Unfortunately, her newest novel, "No Safe Place," doesn't have a cat in it. I've read some blah-blah about it in reviews, about how wonderful the characters are and how the suspense is exciting, but here's the real scoop:
Cat's heroine works at a diner!
I must say, every time I sneaks to the computer after she foes to bed to proof-read her work, I look to see if she mentions food. It's thrilling to read about meatloaf and chocolate cake and all those wonderful things she makes for herself and selfishly refuses to share with me.
(An aside here -- the dog gets bites, while I'm forced to survive on dry food because I refuse to sit like a fool at her feet and beg. That's the price I pay, I suppose, for keeping my dignity.)
Now that I've made your acquaintance, I hope you'll come back from time to time for a cat's eye view of Cat's life. And do be sure to drop by to see what's happening at her publisher's, and remember, you can buy her books in e-book or print wherever such things are sold.
Which is NOT where you can also buy toy mice -- I've already checked.



  1. Tabby, have you ever thought of having your own Twitter account? Seems like you have a lot to say....

  2. You sure have a very nice blog.
    Sue B

  3. Hi Tabby,

    I'm Maxwell, and my sister is Roxy. We're Ruth Hartman's cats. She's a writer, too. And while all of her romance novels have cats in them, we figure, what good does that do for us? I mean, why should she write about other cats when she has perfect, well, us!!!

    Best of luck with your blog. We admire any other cat who expends enough energy to do that sort of thing. We're lazy so we don't. But as far as we're concerned, you rock!!!

  4. Tabby:

    Suzanne Barrett, who thinks she owns me, but it's the other way around, is also a writer. I've trained her to put cats in her books; in fact, in one of hers, her skin person had nine of us. Oh, the fun we had!

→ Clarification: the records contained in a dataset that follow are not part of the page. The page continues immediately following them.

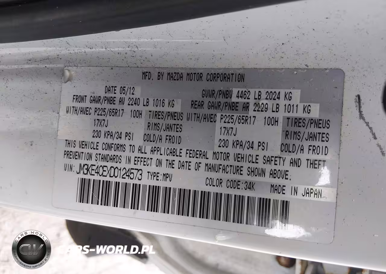 IAAI Nr: I-44524563 VIN: JM3KE4CEXD0124573 Port: Elizabeth, NJ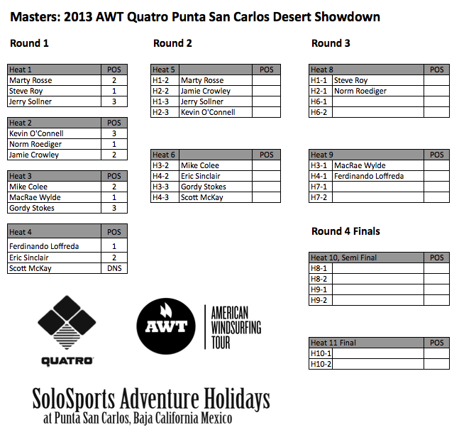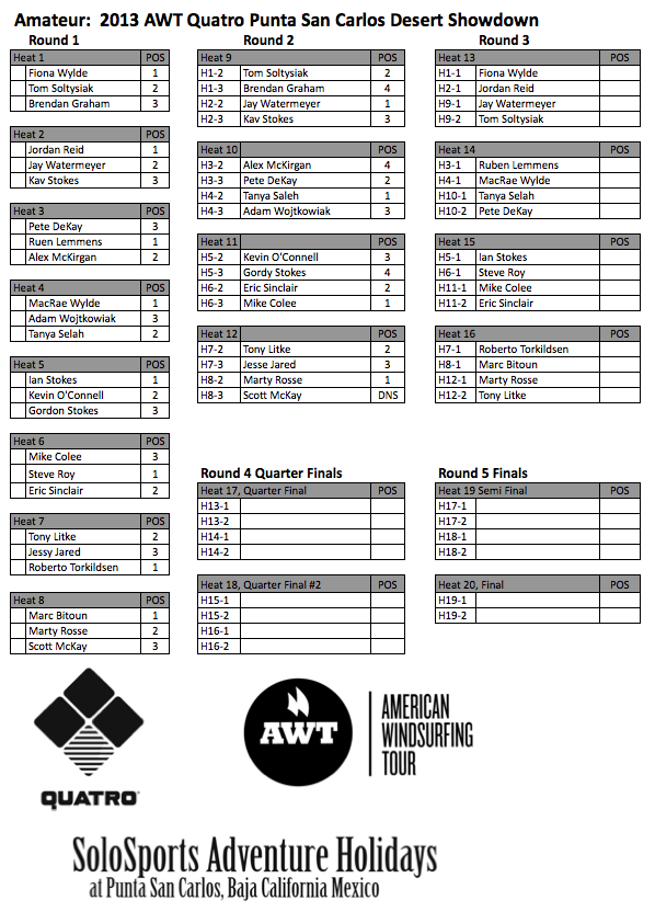 The second round was higher pressure, with it being there second chance and only the two riders from each heat advancing to round 3. Luckily wind was up and waves pumped through. Winning these heats were Jay Watermeyer, Tanya Saleh, Mike Colee and Marty Rosse, while also advancing as second place finishers are Tom Soltysiak, Pete DeKay, Eric Sinclair and Tony Litke.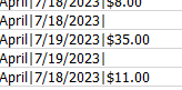 Hello, This is the formula I used. How do I get the negative values to show? =CONCATENATE(C2,"|",(TEXT(D2,"M/DD/YYYY")),"|",(TEXT(E2,"$##.00;;@")))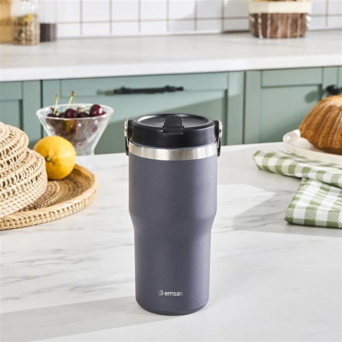 Emsan Star Ice Pipetli Çelik Sızdırmaz Termos Antrasit 550 ml
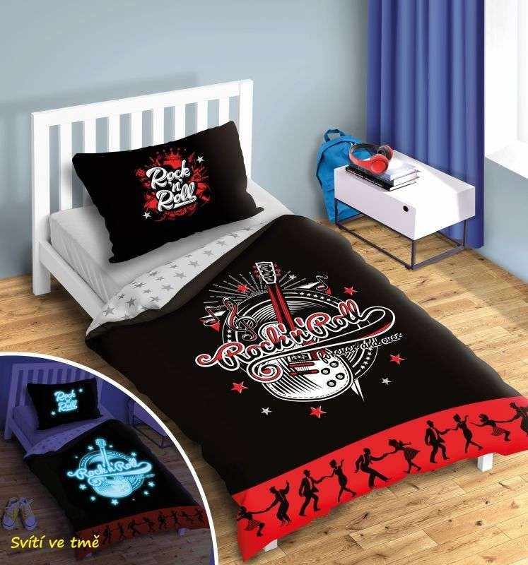 - Posteľné obliečky Rock and Roll svietiace v tme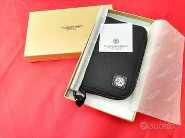 Portafoglio A. G. Spalding & Bros nuovo, nero, chiusura con zip, interno in pelle con scomparti vari. Confezione originale, dimensioni cm 14 x 10.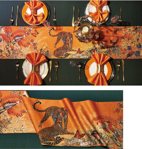 Table runners are often layered on top of a neutral tablecloth to create contrast and texture.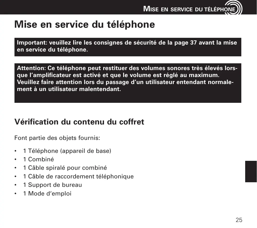 NEHMEN Mise en service du téléphone Important: veuillez lire les consignes de sécurité de la page 37 avant la mise en service du téléphone. Attention: Ce téléphone peut restituer des volumes sonores très élevés lorsque l’amplificateur est activé et que le volume est réglé au maximum. Veuillez faire attention lors du passage d’un utilisateur entendant normalement à un utilisateur malentendant. Vérification du contenu du coffret Font partie des objets fournis: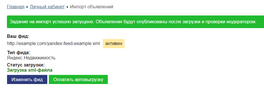 Повторный запуск импорта возможен не чаще чем раз в неделю. Если Вы не видите кнопки "Запустить импорт", значит прошло недостаточно времени с предыдущего запуска, либо фид еще не прошел модерацию. В случае успешного запуска Вы увидите следующий экран.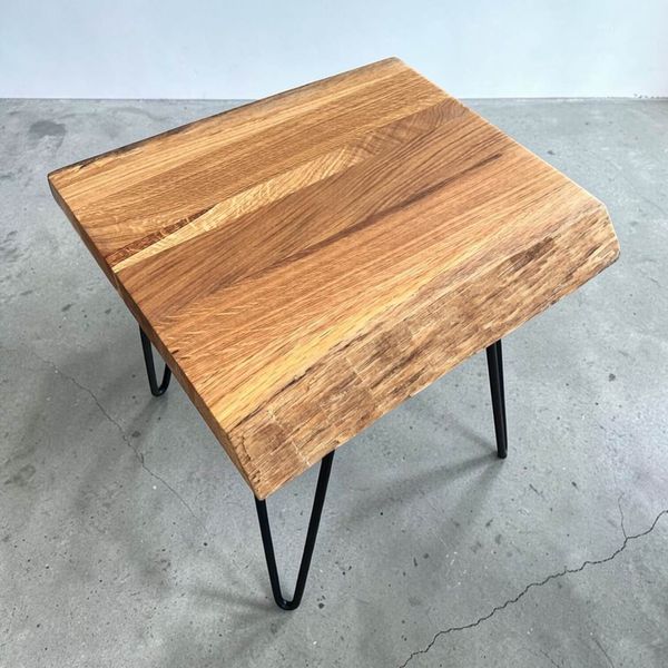 Beistelltisch / Couchtisch Eiche geölt mit Baumkante und schwarzen Pinfüßen - Maße: L. 40 x B. 32 x H. 45 cm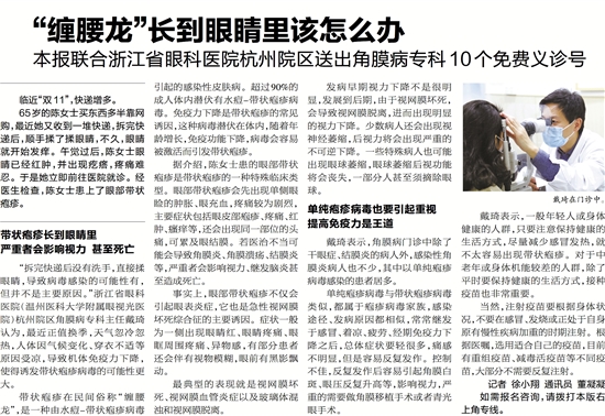 本报联合浙江省眼科医院杭州院区送出角膜病专科10个免费义诊号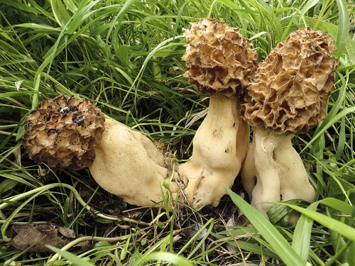 Foto: Bei näherem Hinsehen erwiesen sich die drei Riesen leider schon als nicht mehr essbar. Morcheln in diesem Alter neigen zu Verwesungsgestank.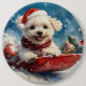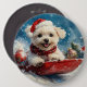 Malteser Hund in Sledge Lass es Schnee Weihnachten Button

    She read and reviewed Kentucky Blues and told me it's good. At least she understands good books.

    Well, it's time for my next nap. Since I'm eighteen and a half, I take a lot of them in the course of a day.

    Be talking to you.


  5. I am Sox, and that is Midnight Rose. I do the typing as Midnight Rose is the dumbest cat I've ever met. We own Jennifer Johnson who is a colleague of Cat's, I believe.